Уходя, он со всеми попрощался за руку. Не был обойдён даже Адаскин.
Проводив важного гостя, Пуркис вернулся в кабинет, где об Адаскине теперь напоминал только запах сигаретного дыма да лежащий на видном месте протокол задержания. Вид он имел чрезвычайно хмурый, и эта хмурость, понятное дело, адресовалась Цимбаларю.
– Хороший ты парень, Сашка, – после некоторой паузы сказал Пуркис. – И я буду очень рад, если наше знакомство продолжится. Но сюда ты лучше не ходи, хорошо?
– А почему? – удивился Цимбаларь, честно говоря не чуявший за собой никакой вины.
– А потому, что от тебя одни неприятности, – честно признался Пуркис. – Выставил меня дураком перед влиятельным человеком! Ну разве так можно? Хотя бы посоветовался сначала… Кроме того, ты мне весь гешефт с Адаскиным поломал.
– Какой гешефт? – не понял Цимбаларь.
– Он безвозмездно оставлял нам все свои мобильники, а я бы ограничился штрафом за переход улицы в неположенном месте. И волки, как говорится, сыты и овцы целы.
– Я здесь при чём? Делайте свой гешефт!
– Поздно уже. Слишком много шума поднялось. Да и время упущено.

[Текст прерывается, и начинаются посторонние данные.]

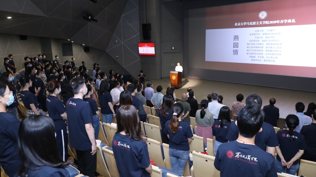 9月17日上午,北京大学马克思主义学院在百周年纪念讲堂李莹厅隆重举行2020年新生开学典礼。学院荣休教师代表祖嘉合教授、学院院长仰海峰教授、学院党委书记孙蚌珠教授以及学院党政班子成员、在岗教师、部分在校生集聚一堂,热烈欢迎学院第二届马克思主义理论专业本科生、第三届大钊班项目本科生和2020级研究生新生。典礼由学院党委副书记李石生老师主持。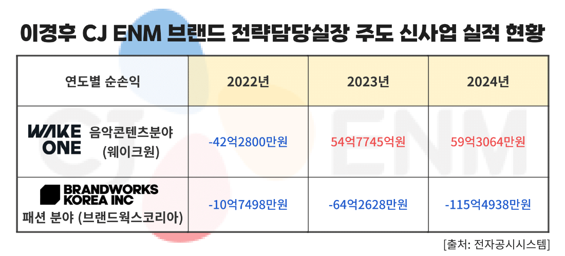 과거부터 CJ ENM이 영위해온 음악 콘텐츠 분야와 달리 이 실장이 시작부터 사업 전체를 진두지휘한 패션 분야는 갈수록 적자폭이 확대되고 있다. 지난 2021년 이 실장은 CJ ENM의 역접사업으로 패션사업을 지목하며 패션 자회사 브랜드웍스코리아를 통해 미국의 패션 브랜드인 ‘브룩스 브라더스’(정장)와 ‘락포트’(신발)의 국내 판권을 확보해 리브랜딩에 나섰다. 그러나 랜드웍스코리아는 지난 2022년 약 15억원의 순손실을 낸 데 이어 ▲2023년(-64억2628만원) ▲2024년(-115억4938만원) 등 적자 규모가 눈덩이처럼 커지고 있다.

– Виноват. Не просёк я этих дел, – признался Цимбаларь. – Больше такое не повторится. Впредь буду держаться от вашей конторы подальше. А лично тебе желаю успешной борьбы с лихоимством и двурушничеством. Ну и, конечно, повышения в должности. Честные менты – опора нашего общества!
Глава 11
Унитазный след
Куда только не совался Кондаков, с кем только не разговаривал, чего только не обещал, начиная от элитных семян моркови, собранных с собственной грядки, и кончая охотничьим штуцером, который предполагалось позаимствовать у Маузера, а желанной бумаги так и не добился.
Все должностные лица, курировавшие данный вопрос, соглашались с тем, что в сфере оружейного коллекционирования, за последнее время вобравшей в себя не только зенитные пулемёты и авиационные пушки, но даже ранцевые огнемёты, пора навести порядок. Однако проект Кондакова, выступавшего от лица совета ветеранов, где он с некоторых пор занимал довольно видный пост, дружно отвергали, мотивируя это самыми разными причинами. И время, дескать, не то, и обстановка не способствует, и позиция высшего руководства пока не прояснилась, и законодательная база отсутствует, и средств на проведение столь многосложного мероприятия нетути.
Кондаков, конечно, понимал, что это всего лишь пустые отговорки, но стену официального пофигизма преодолеть не мог – ни обходом, ни подкопом, ни прыжком. Силушки были уже не те. В конце концов один из старых дружков по секрету объяснил ему, что причина неудач кроется не в банальном бюрократизме и не в отсутствии пресловутой политической воли, а в пристрастии многих весьма важных персон к собиранию стрелкового оружия. Теперь стены роскошных кабинетов принято было украшать не казачьими шашками и дагестанскими кинжалами, а снайперскими винтовками и кавалерийскими карабинами.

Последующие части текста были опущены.